- **Data excerpt**:
-- Opening Marker --
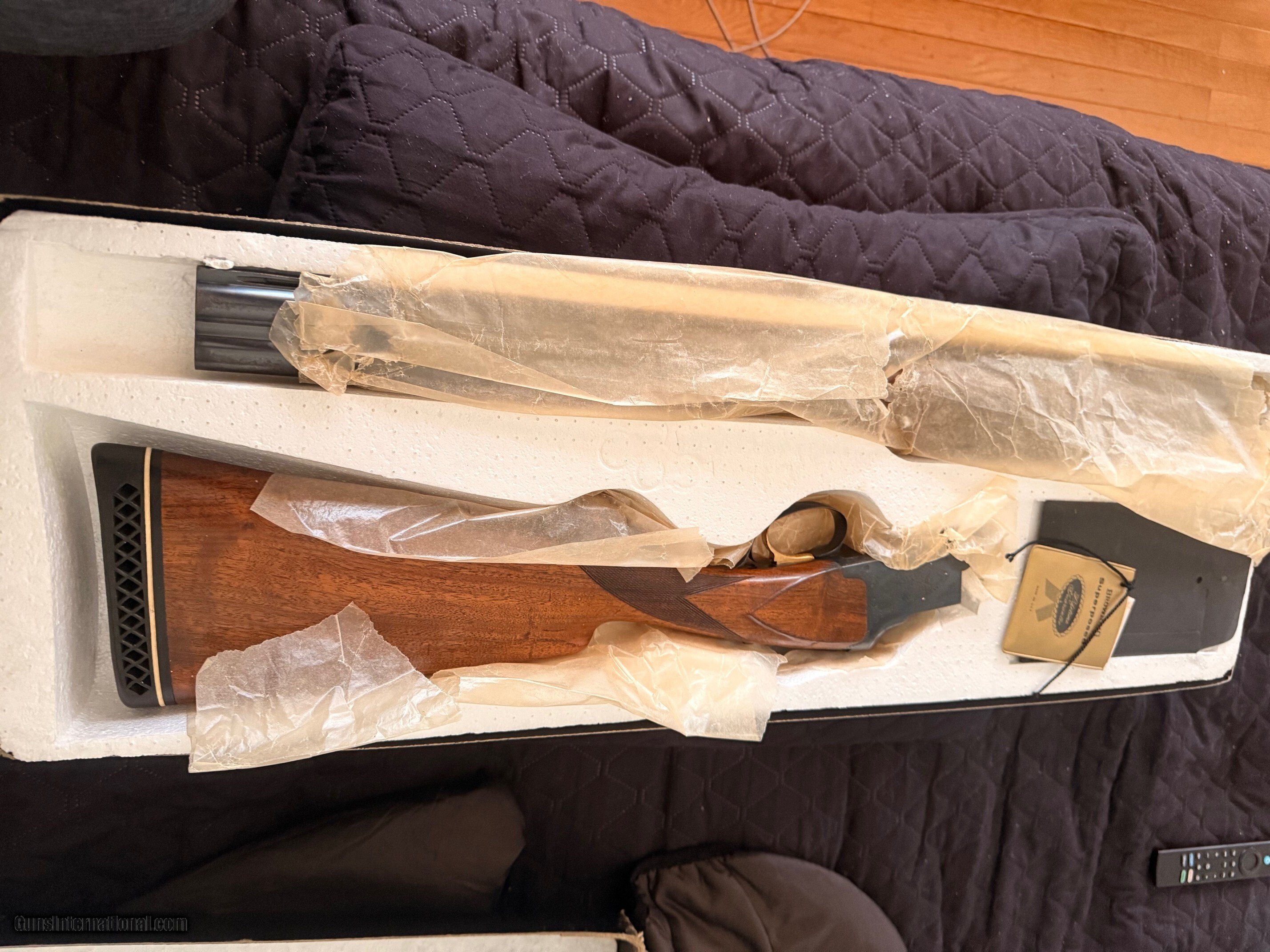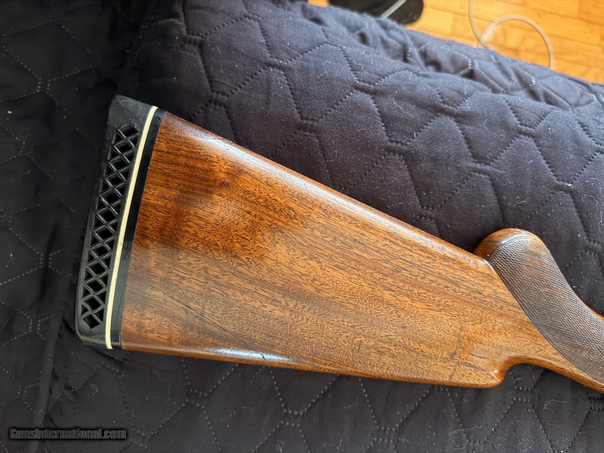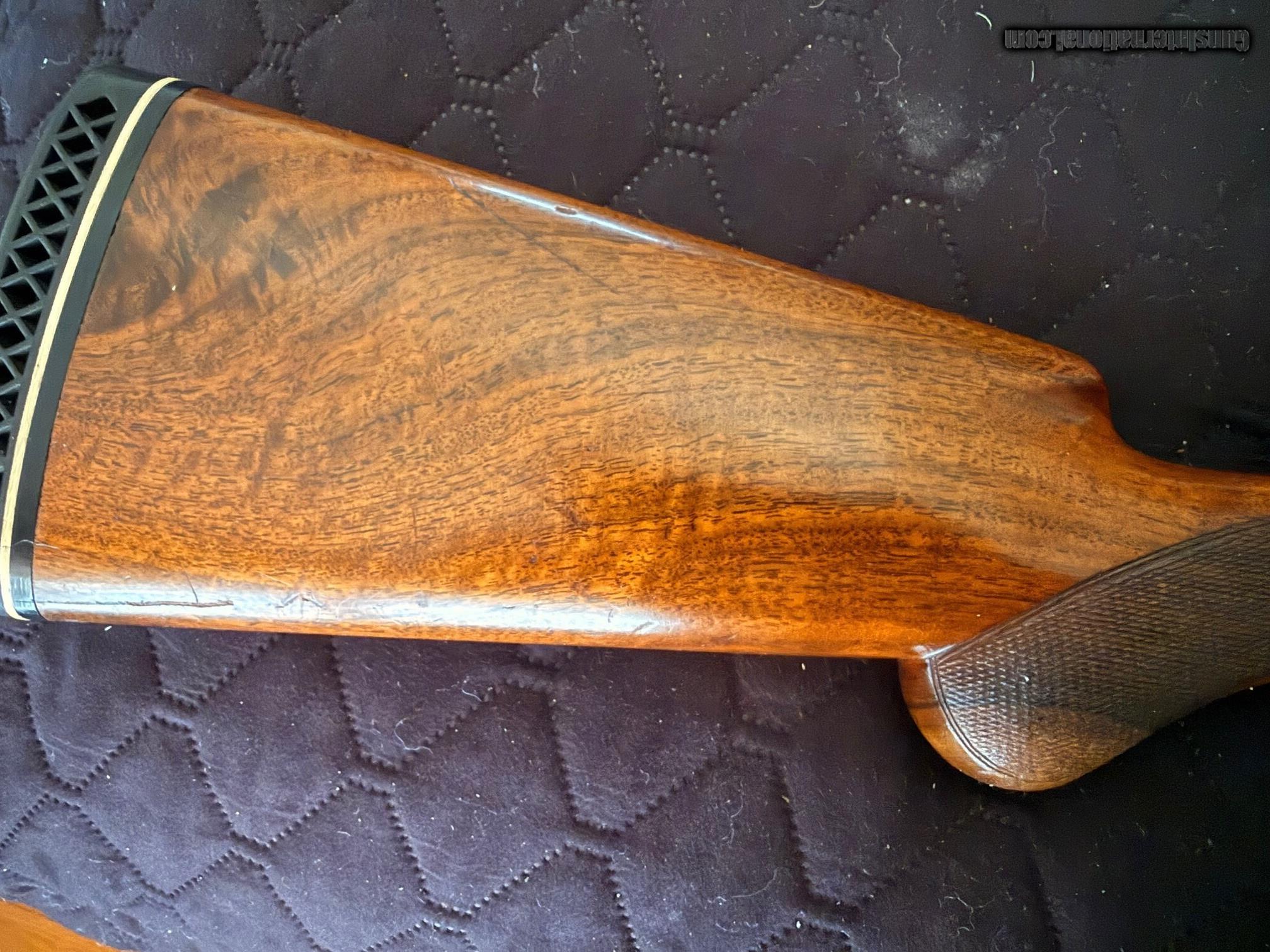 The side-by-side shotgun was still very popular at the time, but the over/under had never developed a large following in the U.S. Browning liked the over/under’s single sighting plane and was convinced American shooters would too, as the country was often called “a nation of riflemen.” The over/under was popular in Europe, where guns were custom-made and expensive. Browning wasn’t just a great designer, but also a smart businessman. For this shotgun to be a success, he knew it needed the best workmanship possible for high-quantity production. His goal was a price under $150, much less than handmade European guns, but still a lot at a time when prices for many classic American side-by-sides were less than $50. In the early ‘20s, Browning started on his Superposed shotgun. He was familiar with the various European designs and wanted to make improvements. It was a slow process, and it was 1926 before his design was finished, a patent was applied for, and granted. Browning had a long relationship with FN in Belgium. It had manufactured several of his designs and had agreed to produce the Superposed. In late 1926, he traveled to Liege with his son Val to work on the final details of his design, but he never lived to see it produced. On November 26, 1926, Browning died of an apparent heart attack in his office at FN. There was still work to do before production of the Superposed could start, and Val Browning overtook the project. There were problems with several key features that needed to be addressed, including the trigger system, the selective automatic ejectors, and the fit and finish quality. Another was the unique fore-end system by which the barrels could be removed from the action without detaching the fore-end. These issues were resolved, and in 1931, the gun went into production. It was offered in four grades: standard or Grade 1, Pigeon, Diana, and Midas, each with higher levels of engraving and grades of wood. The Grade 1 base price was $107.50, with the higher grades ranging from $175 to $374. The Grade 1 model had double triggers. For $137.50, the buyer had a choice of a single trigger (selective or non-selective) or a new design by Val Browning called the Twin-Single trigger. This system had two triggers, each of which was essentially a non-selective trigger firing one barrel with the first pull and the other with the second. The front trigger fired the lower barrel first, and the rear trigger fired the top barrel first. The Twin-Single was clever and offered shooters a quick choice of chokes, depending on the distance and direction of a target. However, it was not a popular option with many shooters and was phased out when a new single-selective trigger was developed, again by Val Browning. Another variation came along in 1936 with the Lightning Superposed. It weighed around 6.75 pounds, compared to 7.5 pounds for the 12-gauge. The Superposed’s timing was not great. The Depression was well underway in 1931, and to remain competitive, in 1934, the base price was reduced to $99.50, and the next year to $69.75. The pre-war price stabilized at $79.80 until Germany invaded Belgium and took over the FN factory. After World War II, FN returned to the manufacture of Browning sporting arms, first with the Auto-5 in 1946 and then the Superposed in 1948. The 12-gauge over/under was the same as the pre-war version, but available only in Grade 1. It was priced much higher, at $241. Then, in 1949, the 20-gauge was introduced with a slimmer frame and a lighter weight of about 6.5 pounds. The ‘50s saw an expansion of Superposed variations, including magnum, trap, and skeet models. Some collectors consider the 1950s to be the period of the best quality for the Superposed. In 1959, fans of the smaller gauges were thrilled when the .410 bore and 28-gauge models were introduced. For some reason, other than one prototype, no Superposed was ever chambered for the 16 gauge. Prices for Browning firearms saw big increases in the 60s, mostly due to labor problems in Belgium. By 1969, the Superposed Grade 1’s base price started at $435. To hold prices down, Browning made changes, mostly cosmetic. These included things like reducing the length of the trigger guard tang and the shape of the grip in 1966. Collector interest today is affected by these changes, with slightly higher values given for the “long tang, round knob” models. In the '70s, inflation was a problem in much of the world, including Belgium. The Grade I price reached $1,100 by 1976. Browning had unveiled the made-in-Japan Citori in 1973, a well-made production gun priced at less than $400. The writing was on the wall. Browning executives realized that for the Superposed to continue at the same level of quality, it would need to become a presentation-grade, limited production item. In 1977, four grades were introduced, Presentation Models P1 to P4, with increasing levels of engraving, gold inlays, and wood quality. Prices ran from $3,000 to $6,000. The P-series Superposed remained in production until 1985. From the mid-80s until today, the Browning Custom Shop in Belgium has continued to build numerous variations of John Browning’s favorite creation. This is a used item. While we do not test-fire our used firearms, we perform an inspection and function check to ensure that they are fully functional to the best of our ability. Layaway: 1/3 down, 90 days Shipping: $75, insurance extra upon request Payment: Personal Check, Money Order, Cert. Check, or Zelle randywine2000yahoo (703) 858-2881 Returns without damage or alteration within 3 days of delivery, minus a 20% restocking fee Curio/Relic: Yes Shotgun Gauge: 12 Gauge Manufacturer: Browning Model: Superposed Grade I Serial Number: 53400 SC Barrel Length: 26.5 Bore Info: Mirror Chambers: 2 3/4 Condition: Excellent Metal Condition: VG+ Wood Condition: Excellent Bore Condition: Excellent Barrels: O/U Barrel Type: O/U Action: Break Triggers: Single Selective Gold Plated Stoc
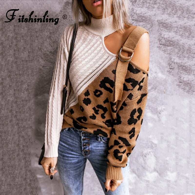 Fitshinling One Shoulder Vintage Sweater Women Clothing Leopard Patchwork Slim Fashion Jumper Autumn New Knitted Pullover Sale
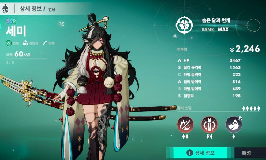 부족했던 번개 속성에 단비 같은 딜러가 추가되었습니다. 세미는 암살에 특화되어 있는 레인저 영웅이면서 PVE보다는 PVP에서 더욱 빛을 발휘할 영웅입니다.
-- Closing Marker --
Where the line containing "Fitshinling One Shoulder" appears, begin writing out the lines word for word, and continue through the last line of the data, leaving out pictures.

- **Expected answer**:
 Fitshinling One Shoulder Vintage Sweater Women Clothing Leopard Patchwork Slim Fashion Jumper Autumn New Knitted Pullover Sale
 부족했던 번개 속성에 단비 같은 딜러가 추가되었습니다. 세미는 암살에 특화되어 있는 레인저 영웅이면서 PVE보다는 PVP에서 더욱 빛을 발휘할 영웅입니다.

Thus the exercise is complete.